Wednesday, February 10, 2010

Shopping In Rajasthan

Toys And Dolls
Toy makers of Jaipur make elephants and horses of suffed cloth, decorated with tinsel & embroidered fabric. Paper - mache birds and animals are available in different sizes and colours and make an interesting buy.
Dolls are the representative of a nation and are the confluence of its different ages, time and culture. The rich cultural heritage through the ages can be vividly depicted through these dolls. Religion, nature and human interaction have been the three basic inspiring forces for artists down the ages, although the medium of expression has diffused from stone and canvas to cloth and celluloid.
From ancient times, dolls of various types fascinated men, women and children all over the world. Children in particular have found great fun and delight in dolls, which also help them to develop their intellect and imagination.
The history of India from ancient times to modern is recounted in a series of dolls.
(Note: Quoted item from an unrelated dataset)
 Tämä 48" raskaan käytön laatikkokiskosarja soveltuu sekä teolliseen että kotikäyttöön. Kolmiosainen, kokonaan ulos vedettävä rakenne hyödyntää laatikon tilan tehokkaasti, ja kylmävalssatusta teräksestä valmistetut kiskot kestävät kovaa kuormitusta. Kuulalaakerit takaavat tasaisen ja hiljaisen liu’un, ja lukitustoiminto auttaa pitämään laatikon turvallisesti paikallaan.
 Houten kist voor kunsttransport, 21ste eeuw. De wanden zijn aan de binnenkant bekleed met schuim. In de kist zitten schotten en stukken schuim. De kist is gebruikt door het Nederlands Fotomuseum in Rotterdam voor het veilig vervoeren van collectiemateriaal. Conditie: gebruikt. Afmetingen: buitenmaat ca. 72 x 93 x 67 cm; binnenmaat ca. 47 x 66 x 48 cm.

The simple folk of India find a place in dolls that project rural life. The vividly colorful Indian dances - be it Kathakali, with its complex grammar, or Bhangra, with its vigour and exuberance are also well depicted through dolls. Dolls act as cultural ambassadors reflecting 5,000 years of Indian civilization.
The Indian people have a very special affection for dolls. They are part of a tradition Indians have grown up with. At one time dolls were given away as wedding presents to the child bride. Today, dolls not only provide a diversion but also a colorful canvas for depicting Indian life in its plethora of cultural beauties.
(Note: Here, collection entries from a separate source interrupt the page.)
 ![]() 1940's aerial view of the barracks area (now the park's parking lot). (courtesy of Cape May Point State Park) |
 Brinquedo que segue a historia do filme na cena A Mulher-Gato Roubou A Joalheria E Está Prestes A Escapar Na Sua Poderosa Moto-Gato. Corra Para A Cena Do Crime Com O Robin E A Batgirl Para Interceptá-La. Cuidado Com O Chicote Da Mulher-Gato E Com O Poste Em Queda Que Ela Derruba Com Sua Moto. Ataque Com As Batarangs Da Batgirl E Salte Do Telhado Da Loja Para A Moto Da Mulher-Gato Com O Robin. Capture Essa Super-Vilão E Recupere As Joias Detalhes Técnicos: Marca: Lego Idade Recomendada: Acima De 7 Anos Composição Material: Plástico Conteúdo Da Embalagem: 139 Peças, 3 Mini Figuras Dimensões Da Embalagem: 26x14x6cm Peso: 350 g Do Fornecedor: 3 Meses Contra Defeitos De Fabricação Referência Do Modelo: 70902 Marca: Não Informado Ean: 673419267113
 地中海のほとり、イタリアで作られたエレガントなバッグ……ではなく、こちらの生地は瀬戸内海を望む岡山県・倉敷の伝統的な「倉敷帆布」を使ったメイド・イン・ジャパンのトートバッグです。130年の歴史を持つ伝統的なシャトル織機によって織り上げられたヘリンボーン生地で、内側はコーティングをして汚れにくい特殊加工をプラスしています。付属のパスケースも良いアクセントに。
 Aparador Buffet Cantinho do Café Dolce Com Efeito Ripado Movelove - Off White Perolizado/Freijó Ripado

Each region is known for its typical dolls and toys. Assam and West Bengal fashion toys out of pith. In the eastern terracotta belt, the theme of "mother and child" models, are popular. Varanasi, Lucknow, Mathura and Vrindavan are reputed for their brightly painted wooden dolls and toys, Tirupati for its dampati (man-woman) dolls. Rajasthan makes dolls of unbaked clay. In Madhubani, dolls are made of sikki, a grass. Kondapalli in Andhra Pradesh makes some of the traditional dolls and toys out of a mixture of cowdung, sawdust and clay and covers them with lustrous pigments.
From early times, various materials have been used to make toys and dolls. The oldest toys date back to 5,000 years ago, from the sites of the Indus valley civilization. Harappan art goes back to 3 millennia B.C and shows a high degree of proficiency, which suggests much earlier development. The perfect modeling of human and animal figures at Mahenjodaro and Harappa are testimony to the technical skills of craftsmen who could cast images in metal using the (now rare) wax process. They could cast in clay and chisel in stone with ease, creating an art, worthy of these great centers of civilization.